Estrogens are known to have an adverse impact on the reproductive functions of aquatic animals in natural waters. However, the estrogen levels are usually below the detection limits and vary drastically in the surface water, making it difficult to assess the environmental exposure in watershed management. While dynamic models are useful to bridge the data gaps on estrogen levels in surface water, the complex interconversion among estrogens hinders the accurate calculation of estrogens levels. To address the issue, we developed a kinetic model consisting of three first-order ordinary differential equations to track the concentration change of three key estrogens, estrone (E1), 17α-estradiol (E2α), and 17β-estradiol (E2β) with time resulting from the complex interconversion process. The model was solved by the matrix method and applied to 15 sets of lab data measured both in anaerobic and aerobic conditions as well as in aqueous solutions and solids with various initial estrogen concentrations from earlier studies. The coefficient of determination (R²) values for those datasets range between 0.842 and 0.989, indicating very good accuracy for the application to the natural environment. This kinetic model can help managers to assess the environmental exposure in watershed management and make determinations on effective solutions.
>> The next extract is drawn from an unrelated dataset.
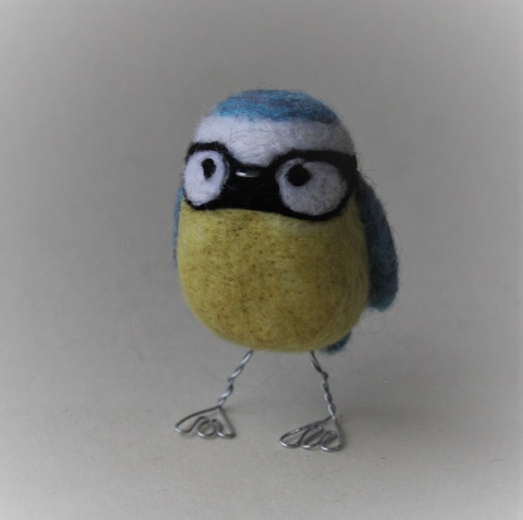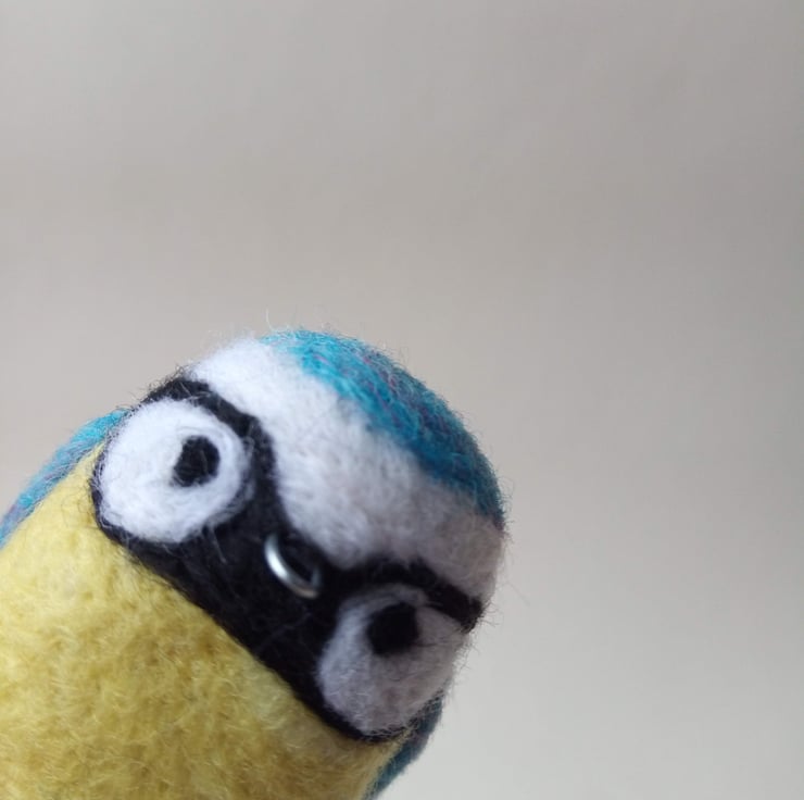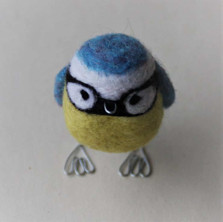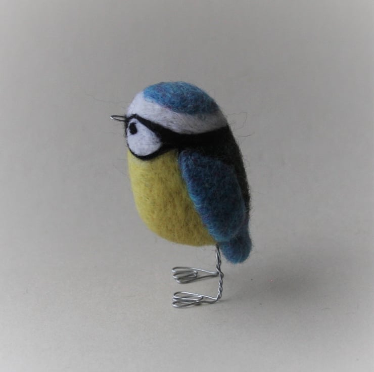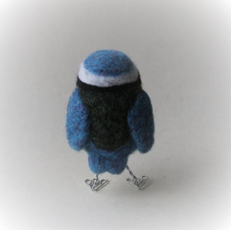 Freestanding wire and wool blue tit sculpture measuring approximately 7.5 cm tall.

众所周知，雌激素会对自然水域中水生动物的生殖功能产生不利影响。然而，雌激素水平通常低于检测限，并且在地表水中变化很大，因此很难评估流域管理中的环境暴露。虽然动态模型有助于弥合地表水中雌激素水平的数据差距，但雌激素之间复杂的相互转换阻碍了雌激素水平的准确计算。为了解决这个问题，我们开发了一个由三个一阶常微分方程组成的动力学模型来跟踪三种关键雌激素、雌酮 (E1)、17α-雌二醇 (E2α) 和 17β-雌二醇 (E2β) 的浓度随时间的变化由于复杂的相互转换过程。该模型通过矩阵方法求解，并应用于 15 组实验室数据，这些数据在厌氧和需氧条件下以及早期研究中具有各种初始雌激素浓度的水溶液和固体中测量。决定系数（R² ) 这些数据集的值范围在 0.842 和 0.989 之间，表明在自然环境中的应用具有非常好的准确性。该动力学模型可以帮助管理人员评估流域管理中的环境暴露并确定有效的解决方案。